— TASK ITEM —
Output, exactly as written, the lines below starting at the line containing "Revive is an" and ending at the line containing "1. กดปุ่ม Get". Drop the pictures and keep both end lines.

---------- DATA ----------

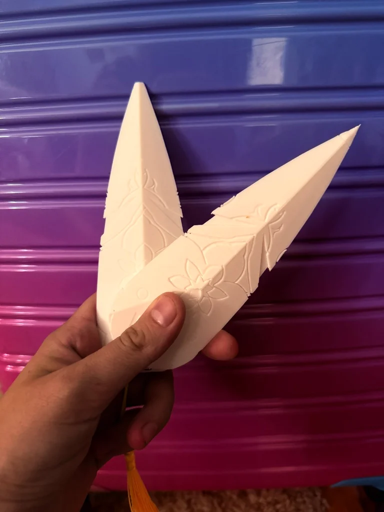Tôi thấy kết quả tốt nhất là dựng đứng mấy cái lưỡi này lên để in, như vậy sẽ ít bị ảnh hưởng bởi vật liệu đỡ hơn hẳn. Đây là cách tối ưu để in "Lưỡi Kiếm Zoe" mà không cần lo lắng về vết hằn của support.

----------
---------- DATA ----------

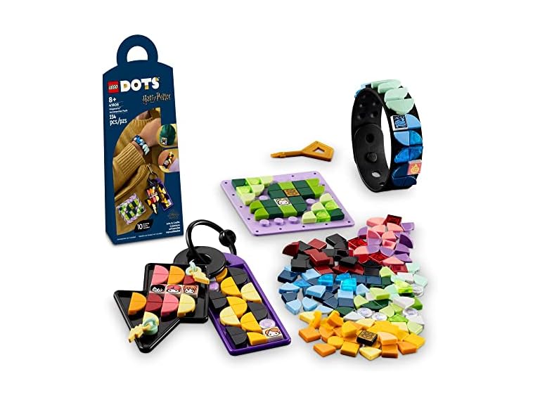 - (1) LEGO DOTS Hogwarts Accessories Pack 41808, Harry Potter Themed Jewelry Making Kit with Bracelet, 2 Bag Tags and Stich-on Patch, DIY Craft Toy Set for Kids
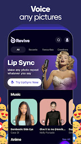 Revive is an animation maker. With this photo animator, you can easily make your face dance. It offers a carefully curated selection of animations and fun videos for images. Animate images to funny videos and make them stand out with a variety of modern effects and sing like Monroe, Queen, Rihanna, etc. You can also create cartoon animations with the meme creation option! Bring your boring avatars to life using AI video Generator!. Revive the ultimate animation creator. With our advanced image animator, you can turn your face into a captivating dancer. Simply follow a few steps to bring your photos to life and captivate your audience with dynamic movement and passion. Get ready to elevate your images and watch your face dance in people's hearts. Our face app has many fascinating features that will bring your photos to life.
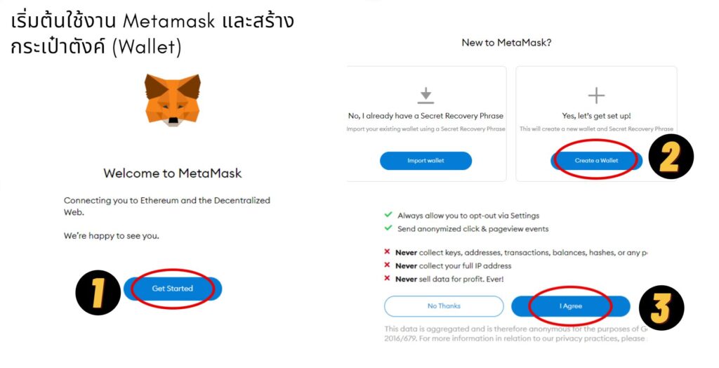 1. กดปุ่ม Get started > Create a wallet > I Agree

----------

— EXPECTED ANSWER —
 Revive is an animation maker. With this photo animator, you can easily make your face dance. It offers a carefully curated selection of animations and fun videos for images. Animate images to funny videos and make them stand out with a variety of modern effects and sing like Monroe, Queen, Rihanna, etc. You can also create cartoon animations with the meme creation option! Bring your boring avatars to life using AI video Generator!. Revive the ultimate animation creator. With our advanced image animator, you can turn your face into a captivating dancer. Simply follow a few steps to bring your photos to life and captivate your audience with dynamic movement and passion. Get ready to elevate your images and watch your face dance in people's hearts. Our face app has many fascinating features that will bring your photos to life.
 1. กดปุ่ม Get started > Create a wallet > I Agree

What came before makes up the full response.